> What is needed
Take the entries below and reproduce exactly the portion that begins at the line containing "[국립대학육성사업] 4단계 BK21" and ends at the line containing "June 2 to July", keeping both ends, dropping pictures, and adding nothing else.

> Extracted records
##########
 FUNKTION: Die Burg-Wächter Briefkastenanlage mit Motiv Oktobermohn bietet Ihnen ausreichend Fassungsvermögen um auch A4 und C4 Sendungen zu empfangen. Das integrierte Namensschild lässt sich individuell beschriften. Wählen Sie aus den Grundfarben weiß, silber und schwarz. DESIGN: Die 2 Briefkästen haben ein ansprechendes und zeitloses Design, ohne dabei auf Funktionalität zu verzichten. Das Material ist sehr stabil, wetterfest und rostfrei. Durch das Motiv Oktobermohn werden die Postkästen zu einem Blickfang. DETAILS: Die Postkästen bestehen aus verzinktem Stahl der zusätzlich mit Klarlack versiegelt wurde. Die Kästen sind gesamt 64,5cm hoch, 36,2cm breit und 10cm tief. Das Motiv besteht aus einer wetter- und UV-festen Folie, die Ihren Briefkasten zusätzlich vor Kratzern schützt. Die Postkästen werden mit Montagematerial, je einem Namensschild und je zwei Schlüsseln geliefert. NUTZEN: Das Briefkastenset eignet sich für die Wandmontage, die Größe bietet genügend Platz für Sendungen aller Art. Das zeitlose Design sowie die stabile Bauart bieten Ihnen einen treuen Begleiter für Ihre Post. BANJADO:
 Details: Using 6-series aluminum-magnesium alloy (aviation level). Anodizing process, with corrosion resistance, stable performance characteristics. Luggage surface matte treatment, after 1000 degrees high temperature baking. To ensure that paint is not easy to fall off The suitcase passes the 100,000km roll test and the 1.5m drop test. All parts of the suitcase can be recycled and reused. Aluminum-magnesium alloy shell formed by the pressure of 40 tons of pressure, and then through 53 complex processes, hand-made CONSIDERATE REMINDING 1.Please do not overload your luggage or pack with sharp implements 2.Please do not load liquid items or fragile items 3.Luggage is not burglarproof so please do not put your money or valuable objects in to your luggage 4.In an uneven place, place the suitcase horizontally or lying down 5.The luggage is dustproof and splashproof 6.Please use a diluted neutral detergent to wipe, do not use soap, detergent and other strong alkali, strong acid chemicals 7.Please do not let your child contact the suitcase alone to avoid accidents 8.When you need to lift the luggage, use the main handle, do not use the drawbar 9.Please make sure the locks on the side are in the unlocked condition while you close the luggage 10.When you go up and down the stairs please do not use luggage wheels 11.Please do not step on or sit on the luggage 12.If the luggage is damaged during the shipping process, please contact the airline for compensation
##########
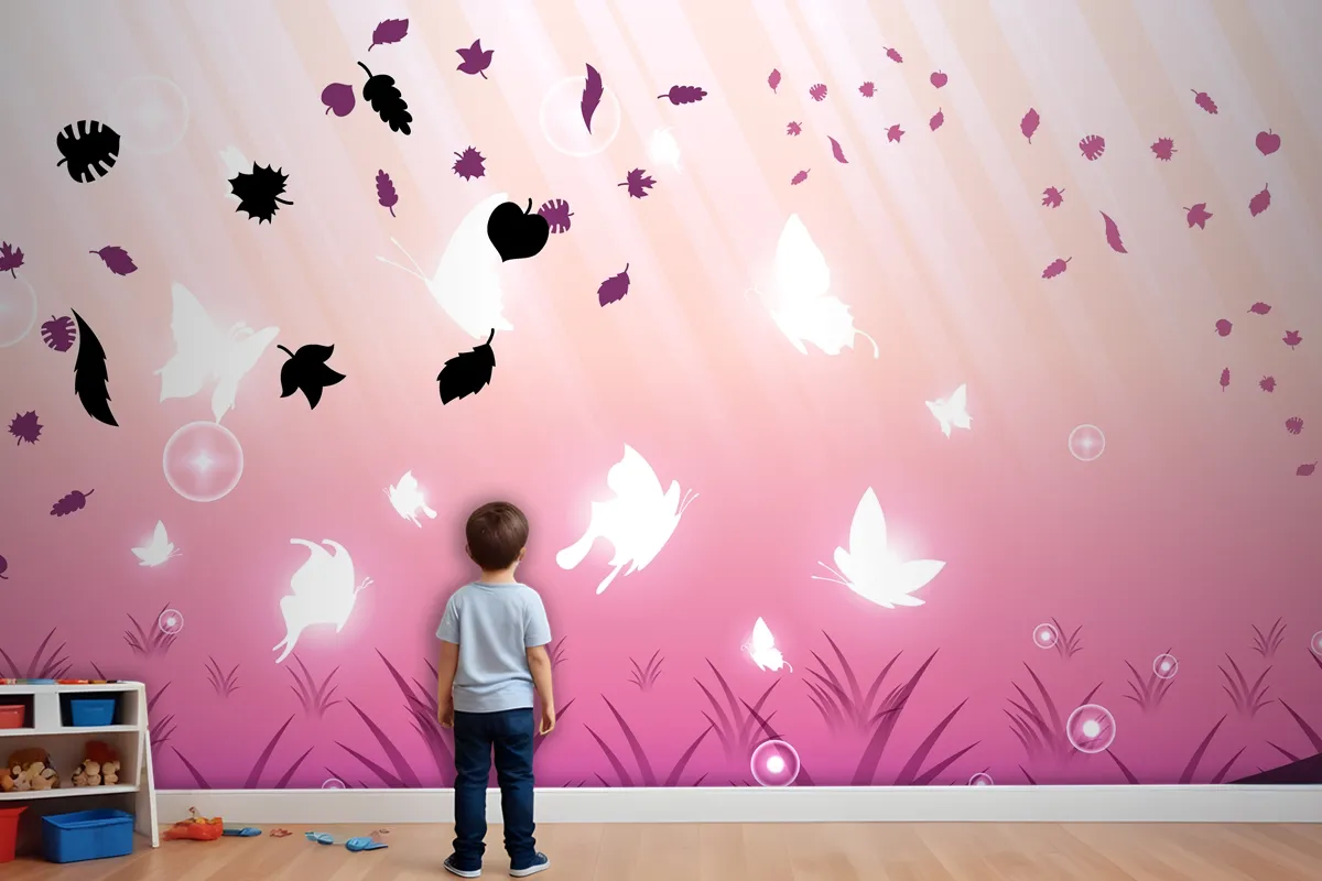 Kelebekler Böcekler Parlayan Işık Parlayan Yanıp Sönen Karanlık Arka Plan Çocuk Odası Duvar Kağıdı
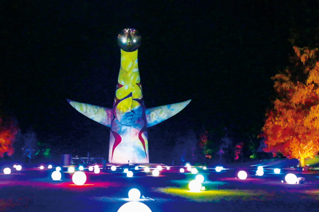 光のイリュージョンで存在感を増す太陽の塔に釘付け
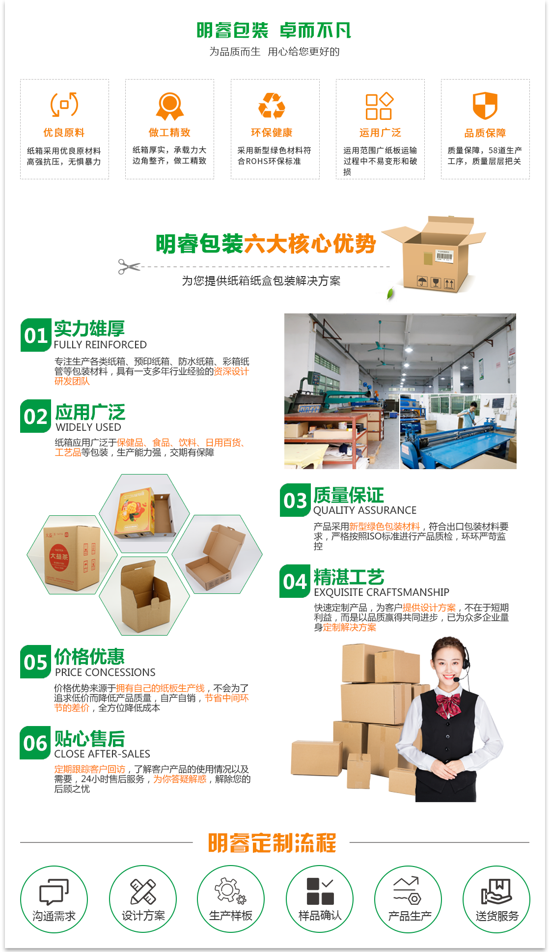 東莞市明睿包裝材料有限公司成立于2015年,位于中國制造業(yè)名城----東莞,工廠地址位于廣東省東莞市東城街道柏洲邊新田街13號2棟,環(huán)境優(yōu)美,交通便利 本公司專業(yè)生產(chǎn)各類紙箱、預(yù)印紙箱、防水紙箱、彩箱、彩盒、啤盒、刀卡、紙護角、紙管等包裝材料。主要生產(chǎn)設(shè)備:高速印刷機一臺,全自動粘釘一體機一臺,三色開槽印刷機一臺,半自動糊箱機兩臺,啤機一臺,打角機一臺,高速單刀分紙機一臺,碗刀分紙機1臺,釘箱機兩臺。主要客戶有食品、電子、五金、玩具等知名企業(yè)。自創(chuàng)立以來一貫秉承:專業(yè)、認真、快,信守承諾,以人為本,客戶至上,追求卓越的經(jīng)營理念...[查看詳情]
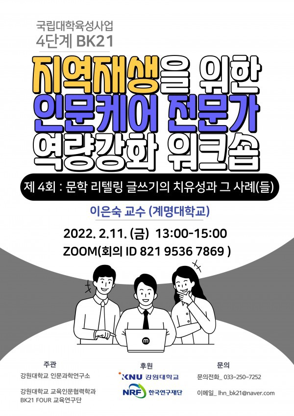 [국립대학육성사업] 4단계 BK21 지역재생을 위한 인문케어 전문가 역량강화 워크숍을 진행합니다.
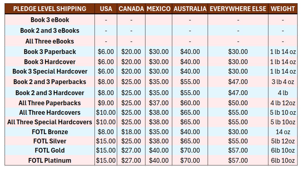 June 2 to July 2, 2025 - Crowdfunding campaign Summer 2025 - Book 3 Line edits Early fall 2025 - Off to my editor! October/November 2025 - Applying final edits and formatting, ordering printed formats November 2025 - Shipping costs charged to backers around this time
##########
> Solution to this task
 [국립대학육성사업] 4단계 BK21 지역재생을 위한 인문케어 전문가 역량강화 워크숍을 진행합니다.
 June 2 to July 2, 2025 - Crowdfunding campaign Summer 2025 - Book 3 Line edits Early fall 2025 - Off to my editor! October/November 2025 - Applying final edits and formatting, ordering printed formats November 2025 - Shipping costs charged to backers around this time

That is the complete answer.